YOUR ASSIGNMENT:
Output nothing except the lines from the one containing "深化东西部扶贫协作,主动加强" through the final line of the data, both included, typed exactly, minus the pictures.

INPUT DATA:
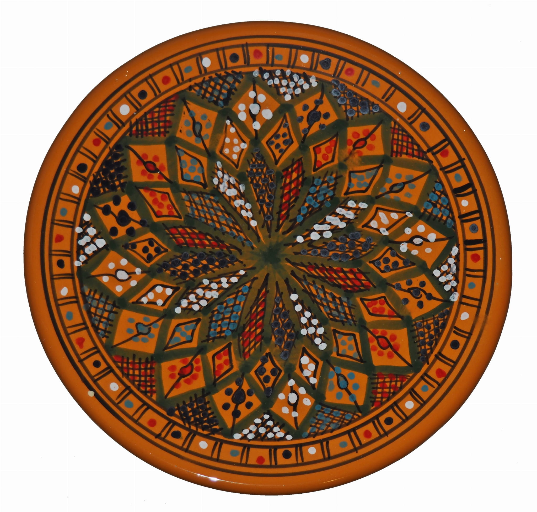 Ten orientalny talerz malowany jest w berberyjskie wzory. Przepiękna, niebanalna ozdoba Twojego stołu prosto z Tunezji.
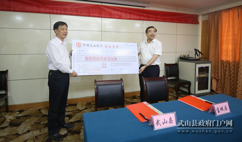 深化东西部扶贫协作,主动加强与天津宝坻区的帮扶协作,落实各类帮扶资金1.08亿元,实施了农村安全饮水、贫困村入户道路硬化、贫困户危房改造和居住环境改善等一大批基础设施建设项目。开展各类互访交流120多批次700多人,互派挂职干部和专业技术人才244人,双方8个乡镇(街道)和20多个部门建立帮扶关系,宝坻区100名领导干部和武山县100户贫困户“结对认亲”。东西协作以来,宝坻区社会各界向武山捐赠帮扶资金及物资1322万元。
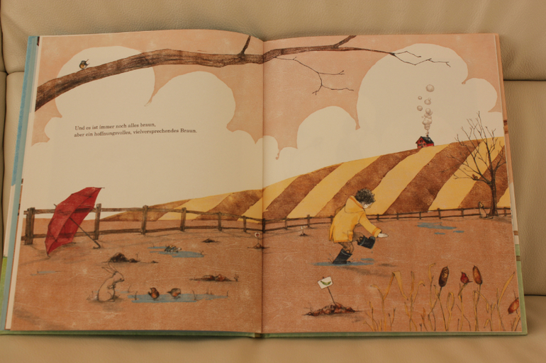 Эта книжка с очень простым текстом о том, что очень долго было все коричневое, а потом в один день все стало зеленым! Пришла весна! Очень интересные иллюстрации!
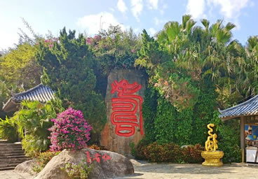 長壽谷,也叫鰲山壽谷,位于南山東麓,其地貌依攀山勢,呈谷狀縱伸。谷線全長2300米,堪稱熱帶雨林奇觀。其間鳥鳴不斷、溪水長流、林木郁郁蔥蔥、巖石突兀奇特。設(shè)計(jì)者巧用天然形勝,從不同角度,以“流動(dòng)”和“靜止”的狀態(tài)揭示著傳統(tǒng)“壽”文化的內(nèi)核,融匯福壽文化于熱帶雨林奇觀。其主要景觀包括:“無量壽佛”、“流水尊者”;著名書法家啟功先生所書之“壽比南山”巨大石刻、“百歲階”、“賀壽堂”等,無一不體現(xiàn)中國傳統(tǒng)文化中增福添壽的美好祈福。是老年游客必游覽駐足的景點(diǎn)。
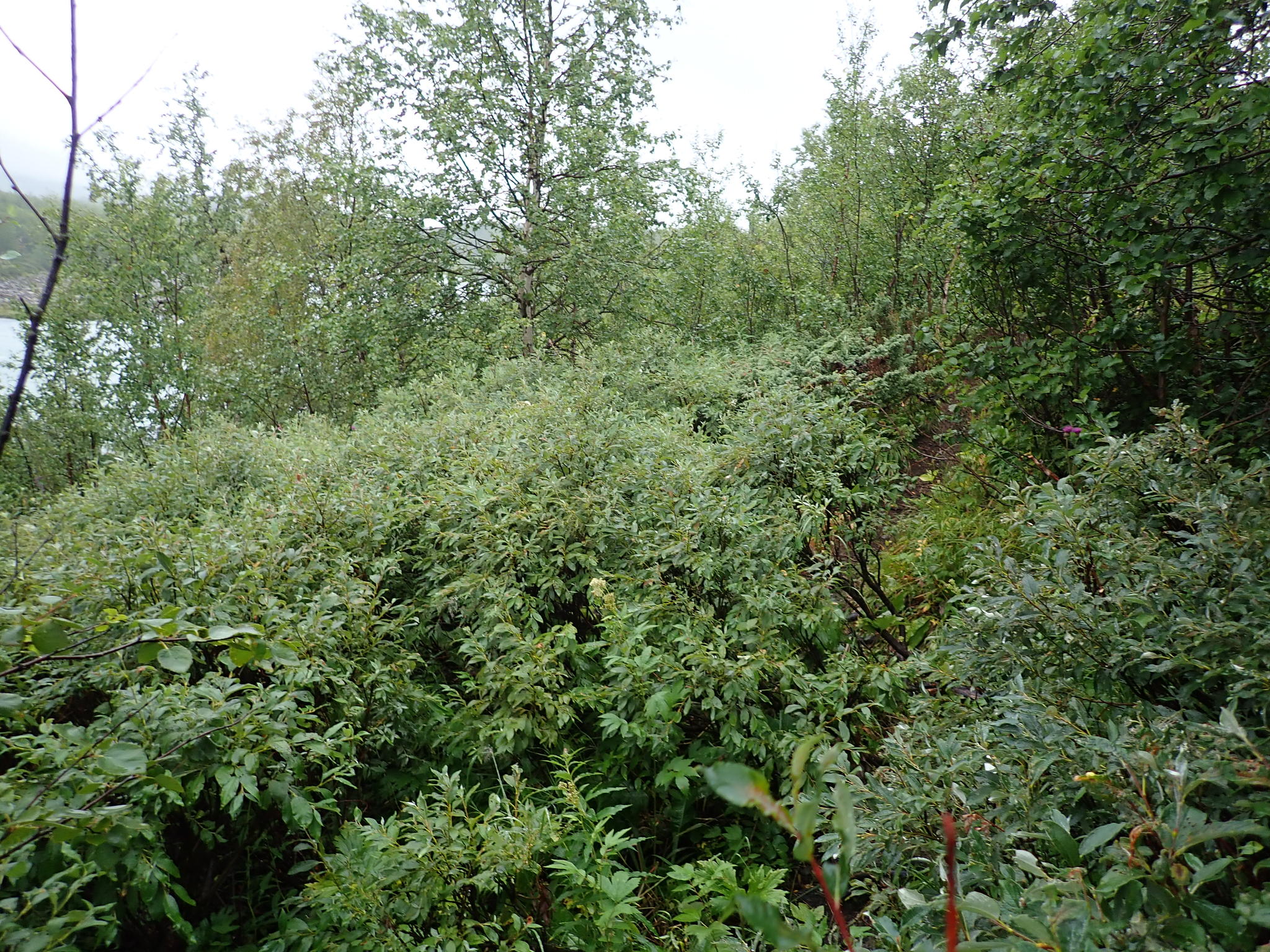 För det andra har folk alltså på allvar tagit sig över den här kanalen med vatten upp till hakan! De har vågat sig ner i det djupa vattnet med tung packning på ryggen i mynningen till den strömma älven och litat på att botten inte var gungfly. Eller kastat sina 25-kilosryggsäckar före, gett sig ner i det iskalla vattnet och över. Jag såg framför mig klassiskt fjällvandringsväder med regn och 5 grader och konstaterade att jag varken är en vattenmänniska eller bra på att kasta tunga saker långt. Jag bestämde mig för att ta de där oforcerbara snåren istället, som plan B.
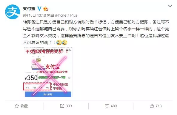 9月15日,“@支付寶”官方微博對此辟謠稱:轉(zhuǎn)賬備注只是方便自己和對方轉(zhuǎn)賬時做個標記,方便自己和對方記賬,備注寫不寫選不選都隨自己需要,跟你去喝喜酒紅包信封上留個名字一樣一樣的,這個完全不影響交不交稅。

WORKED SOLUTION:
 深化东西部扶贫协作,主动加强与天津宝坻区的帮扶协作,落实各类帮扶资金1.08亿元,实施了农村安全饮水、贫困村入户道路硬化、贫困户危房改造和居住环境改善等一大批基础设施建设项目。开展各类互访交流120多批次700多人,互派挂职干部和专业技术人才244人,双方8个乡镇(街道)和20多个部门建立帮扶关系,宝坻区100名领导干部和武山县100户贫困户“结对认亲”。东西协作以来,宝坻区社会各界向武山捐赠帮扶资金及物资1322万元。
 Эта книжка с очень простым текстом о том, что очень долго было все коричневое, а потом в один день все стало зеленым! Пришла весна! Очень интересные иллюстрации!
 長壽谷,也叫鰲山壽谷,位于南山東麓,其地貌依攀山勢,呈谷狀縱伸。谷線全長2300米,堪稱熱帶雨林奇觀。其間鳥鳴不斷、溪水長流、林木郁郁蔥蔥、巖石突兀奇特。設(shè)計(jì)者巧用天然形勝,從不同角度,以“流動(dòng)”和“靜止”的狀態(tài)揭示著傳統(tǒng)“壽”文化的內(nèi)核,融匯福壽文化于熱帶雨林奇觀。其主要景觀包括:“無量壽佛”、“流水尊者”;著名書法家啟功先生所書之“壽比南山”巨大石刻、“百歲階”、“賀壽堂”等,無一不體現(xiàn)中國傳統(tǒng)文化中增福添壽的美好祈福。是老年游客必游覽駐足的景點(diǎn)。
 För det andra har folk alltså på allvar tagit sig över den här kanalen med vatten upp till hakan! De har vågat sig ner i det djupa vattnet med tung packning på ryggen i mynningen till den strömma älven och litat på att botten inte var gungfly. Eller kastat sina 25-kilosryggsäckar före, gett sig ner i det iskalla vattnet och över. Jag såg framför mig klassiskt fjällvandringsväder med regn och 5 grader och konstaterade att jag varken är en vattenmänniska eller bra på att kasta tunga saker långt. Jag bestämde mig för att ta de där oforcerbara snåren istället, som plan B.
 9月15日,“@支付寶”官方微博對此辟謠稱:轉(zhuǎn)賬備注只是方便自己和對方轉(zhuǎn)賬時做個標記,方便自己和對方記賬,備注寫不寫選不選都隨自己需要,跟你去喝喜酒紅包信封上留個名字一樣一樣的,這個完全不影響交不交稅。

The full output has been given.